I did a few more tweaks and the frame rate is now 4.1 to 4.2 fps on my 3080 LP. For my testing video there is still 10% time doing IO, that can be made asynchronous with the main thread. But I think that is fair.
@eliphatfs in order to implement your '_fast.py` script, may I simply drag and drop such into the vanilla Real-ESRGAN repo? I've attempted such and am running into this error:
edit: maybe I should just download and run from your repo? Thanks.
Sorry. I added some instrumentation for profiling the code to analyze where the time is spent. I have removed them.
P.S. The script does not yet support alpha channels or gray-scale. Only RGB videos are supported (I think this should be the case of 99% modern videos).
extract_frame_first
may be also problematic since PNG files may have alpha channels.

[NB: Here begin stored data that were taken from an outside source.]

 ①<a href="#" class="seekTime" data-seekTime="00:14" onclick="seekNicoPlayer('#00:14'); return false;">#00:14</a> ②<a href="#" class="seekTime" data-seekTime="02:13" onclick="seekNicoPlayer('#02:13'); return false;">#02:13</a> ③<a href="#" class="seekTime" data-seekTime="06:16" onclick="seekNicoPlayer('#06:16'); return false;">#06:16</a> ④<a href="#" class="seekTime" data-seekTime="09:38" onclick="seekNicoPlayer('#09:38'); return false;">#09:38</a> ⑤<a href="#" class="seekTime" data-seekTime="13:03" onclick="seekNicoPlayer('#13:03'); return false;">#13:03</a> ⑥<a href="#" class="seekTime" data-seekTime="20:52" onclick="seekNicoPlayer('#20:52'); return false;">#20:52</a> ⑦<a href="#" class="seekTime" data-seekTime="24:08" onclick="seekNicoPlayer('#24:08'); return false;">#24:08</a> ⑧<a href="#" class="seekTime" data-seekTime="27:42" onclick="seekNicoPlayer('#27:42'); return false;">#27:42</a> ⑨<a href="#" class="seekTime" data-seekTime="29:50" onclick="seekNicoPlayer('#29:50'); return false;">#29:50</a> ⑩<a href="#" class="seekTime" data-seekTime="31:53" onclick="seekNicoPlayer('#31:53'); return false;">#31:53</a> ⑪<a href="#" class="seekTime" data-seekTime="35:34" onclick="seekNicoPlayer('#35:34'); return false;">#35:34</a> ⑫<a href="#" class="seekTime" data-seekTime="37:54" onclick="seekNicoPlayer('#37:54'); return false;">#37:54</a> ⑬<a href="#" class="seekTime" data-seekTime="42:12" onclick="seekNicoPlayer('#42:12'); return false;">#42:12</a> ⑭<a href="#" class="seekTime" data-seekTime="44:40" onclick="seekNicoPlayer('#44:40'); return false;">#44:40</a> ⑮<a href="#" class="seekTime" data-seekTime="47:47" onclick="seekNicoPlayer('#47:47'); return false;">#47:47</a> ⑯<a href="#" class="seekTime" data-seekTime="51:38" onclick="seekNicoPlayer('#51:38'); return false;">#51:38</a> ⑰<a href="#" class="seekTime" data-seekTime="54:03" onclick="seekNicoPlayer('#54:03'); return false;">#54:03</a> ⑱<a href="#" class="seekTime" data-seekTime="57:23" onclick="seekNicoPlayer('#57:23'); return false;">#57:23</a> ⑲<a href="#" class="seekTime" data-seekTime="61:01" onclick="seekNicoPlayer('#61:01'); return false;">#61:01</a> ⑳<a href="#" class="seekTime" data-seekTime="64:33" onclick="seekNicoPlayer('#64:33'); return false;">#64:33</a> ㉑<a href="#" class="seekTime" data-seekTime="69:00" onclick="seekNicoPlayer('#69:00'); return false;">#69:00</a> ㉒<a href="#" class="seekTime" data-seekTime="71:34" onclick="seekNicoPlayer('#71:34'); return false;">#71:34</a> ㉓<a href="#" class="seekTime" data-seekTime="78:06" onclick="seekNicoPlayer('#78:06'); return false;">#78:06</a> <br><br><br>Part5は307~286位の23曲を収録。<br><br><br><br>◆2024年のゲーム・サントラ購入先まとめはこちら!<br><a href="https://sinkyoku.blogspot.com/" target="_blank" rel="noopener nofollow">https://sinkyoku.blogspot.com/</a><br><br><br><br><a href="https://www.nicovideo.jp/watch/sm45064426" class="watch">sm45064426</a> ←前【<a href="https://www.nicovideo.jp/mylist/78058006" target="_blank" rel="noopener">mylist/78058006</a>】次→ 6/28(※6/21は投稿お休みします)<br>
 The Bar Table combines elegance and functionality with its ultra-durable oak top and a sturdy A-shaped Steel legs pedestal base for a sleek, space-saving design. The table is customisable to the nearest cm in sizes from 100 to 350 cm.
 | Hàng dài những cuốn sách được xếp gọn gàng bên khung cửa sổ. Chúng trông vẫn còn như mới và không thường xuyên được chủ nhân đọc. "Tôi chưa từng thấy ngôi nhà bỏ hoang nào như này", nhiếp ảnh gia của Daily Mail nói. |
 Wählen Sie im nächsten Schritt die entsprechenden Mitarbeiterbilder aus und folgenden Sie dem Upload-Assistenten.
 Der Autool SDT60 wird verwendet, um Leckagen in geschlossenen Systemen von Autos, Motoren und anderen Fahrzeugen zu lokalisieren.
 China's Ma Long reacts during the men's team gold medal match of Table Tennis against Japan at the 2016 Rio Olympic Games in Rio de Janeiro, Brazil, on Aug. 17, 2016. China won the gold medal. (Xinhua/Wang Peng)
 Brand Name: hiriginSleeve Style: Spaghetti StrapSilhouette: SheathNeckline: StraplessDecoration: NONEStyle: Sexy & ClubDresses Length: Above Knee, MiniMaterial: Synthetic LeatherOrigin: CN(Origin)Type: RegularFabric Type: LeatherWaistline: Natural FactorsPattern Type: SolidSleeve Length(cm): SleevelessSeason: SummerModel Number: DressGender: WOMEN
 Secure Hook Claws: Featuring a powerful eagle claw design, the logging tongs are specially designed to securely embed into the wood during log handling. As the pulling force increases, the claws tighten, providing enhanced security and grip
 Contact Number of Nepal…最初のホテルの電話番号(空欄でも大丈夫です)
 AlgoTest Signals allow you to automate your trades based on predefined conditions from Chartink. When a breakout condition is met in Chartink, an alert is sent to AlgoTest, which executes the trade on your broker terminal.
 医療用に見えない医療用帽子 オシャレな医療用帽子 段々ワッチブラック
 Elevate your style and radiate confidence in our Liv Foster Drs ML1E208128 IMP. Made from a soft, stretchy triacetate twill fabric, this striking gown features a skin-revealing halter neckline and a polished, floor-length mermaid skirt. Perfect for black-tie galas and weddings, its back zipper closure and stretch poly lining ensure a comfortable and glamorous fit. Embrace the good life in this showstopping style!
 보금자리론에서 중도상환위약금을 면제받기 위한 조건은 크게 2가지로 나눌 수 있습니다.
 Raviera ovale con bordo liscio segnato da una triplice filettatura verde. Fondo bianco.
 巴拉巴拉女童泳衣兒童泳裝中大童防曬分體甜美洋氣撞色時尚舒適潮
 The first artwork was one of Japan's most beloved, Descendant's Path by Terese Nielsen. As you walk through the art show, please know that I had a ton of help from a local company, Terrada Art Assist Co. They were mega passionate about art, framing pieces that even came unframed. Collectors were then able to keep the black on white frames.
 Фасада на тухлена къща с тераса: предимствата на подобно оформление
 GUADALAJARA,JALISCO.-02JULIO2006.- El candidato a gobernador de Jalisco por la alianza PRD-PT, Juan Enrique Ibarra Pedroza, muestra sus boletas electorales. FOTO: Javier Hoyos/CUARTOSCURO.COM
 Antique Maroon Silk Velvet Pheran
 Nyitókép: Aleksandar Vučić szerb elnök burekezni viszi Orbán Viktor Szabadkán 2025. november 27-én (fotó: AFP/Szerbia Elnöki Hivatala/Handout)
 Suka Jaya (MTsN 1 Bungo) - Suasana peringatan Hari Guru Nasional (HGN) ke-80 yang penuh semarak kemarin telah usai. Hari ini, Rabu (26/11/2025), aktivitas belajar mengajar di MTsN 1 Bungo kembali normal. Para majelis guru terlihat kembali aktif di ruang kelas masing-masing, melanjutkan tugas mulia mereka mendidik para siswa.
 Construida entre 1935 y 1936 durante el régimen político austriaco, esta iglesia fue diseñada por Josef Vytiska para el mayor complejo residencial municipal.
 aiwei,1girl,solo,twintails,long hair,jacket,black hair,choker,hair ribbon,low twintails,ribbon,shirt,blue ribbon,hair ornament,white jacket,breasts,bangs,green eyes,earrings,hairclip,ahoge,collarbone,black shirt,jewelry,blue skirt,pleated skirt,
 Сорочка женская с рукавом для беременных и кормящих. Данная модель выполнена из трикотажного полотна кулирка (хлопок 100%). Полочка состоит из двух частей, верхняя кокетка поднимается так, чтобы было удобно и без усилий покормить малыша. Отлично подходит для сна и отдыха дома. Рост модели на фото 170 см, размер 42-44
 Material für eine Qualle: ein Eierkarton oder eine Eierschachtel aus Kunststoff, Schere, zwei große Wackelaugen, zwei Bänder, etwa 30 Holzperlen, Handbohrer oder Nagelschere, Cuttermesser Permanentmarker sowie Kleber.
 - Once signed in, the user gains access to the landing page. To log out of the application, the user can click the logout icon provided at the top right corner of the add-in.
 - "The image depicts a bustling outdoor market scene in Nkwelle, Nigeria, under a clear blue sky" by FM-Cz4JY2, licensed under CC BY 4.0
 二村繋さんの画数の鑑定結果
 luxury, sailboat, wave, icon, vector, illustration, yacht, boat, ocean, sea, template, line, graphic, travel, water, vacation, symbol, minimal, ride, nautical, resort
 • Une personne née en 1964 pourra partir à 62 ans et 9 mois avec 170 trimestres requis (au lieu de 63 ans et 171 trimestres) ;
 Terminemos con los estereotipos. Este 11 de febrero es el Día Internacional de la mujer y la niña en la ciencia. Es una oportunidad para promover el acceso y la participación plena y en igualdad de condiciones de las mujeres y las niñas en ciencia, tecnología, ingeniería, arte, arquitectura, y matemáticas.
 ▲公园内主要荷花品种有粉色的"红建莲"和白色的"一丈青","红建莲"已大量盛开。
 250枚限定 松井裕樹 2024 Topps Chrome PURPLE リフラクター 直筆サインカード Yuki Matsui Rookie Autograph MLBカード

Maybe I will work on RGBA/L sometime later, or maybe I will just drop these parameters.
Face enhance is also not supported since it uses a different model.
An experimental implementation of this is available at https://github.com/eliphatfs/Real-ESRGAN/blob/master/inference_realesrgan_video_fast.py Reduced IO overhead and implemented batch inference. On my 3080 LP it is able to boost 1080p to 4k upscaling from 0.8 fps to 4 fps with the default set batch size 4 (5x speed up!). The correctness is not yet verified systematically, but it looks good.
Awesome patch. I test it with my 4070ti, realesr-general-x4v3 model, from 2.12 fps to 3.9 fps. I have yet to set num_process_per_gpu or else.
An experimental implementation of this is available at https://github.com/eliphatfs/Real-ESRGAN/blob/master/inference_realesrgan_video_fast.py Reduced IO overhead and implemented batch inference. On my 3080 LP it is able to boost 1080p to 4k upscaling from 0.8 fps to 4 fps with the default set batch size 4 (5x speed up!). The correctness is not yet verified systematically, but it looks good.
Could you provide same for "inference_realesrgan.py" to accelerate? I asked GPT 4.0 for 1 hr based on your file for inference_realesrgan_video_fast.py but he failed.
To completely extract the performance of GPU, I have created a GitHub repo (https://github.com/Kiteretsu77/FAST_Anime_VSR). I implemented it in TensorRT version and utilized a frame division algorithm (self-designed) to accelerate it (with a video redundancy jump mechanism [similar to video compression Inter-Prediction] and a momentum mechanism). Plus, I use FFMPEG to decode a smaller FPS for faster processing but the quality drop is extremely negligible. Plus, I use multiprocessing and multithreading to completely consume all computation resources. Feel free to look at this slide [https://docs.google.com/presentation/d/1Gxux9MdWxwpnT4nDZln8Ip_MeqalrkBesX34FVupm2A/edit#slide=id.p] for the implementation and algorithm I have used. In my 3060Ti Desktop version, my code can process faster than the Real-Time Anime videos for 480p video input.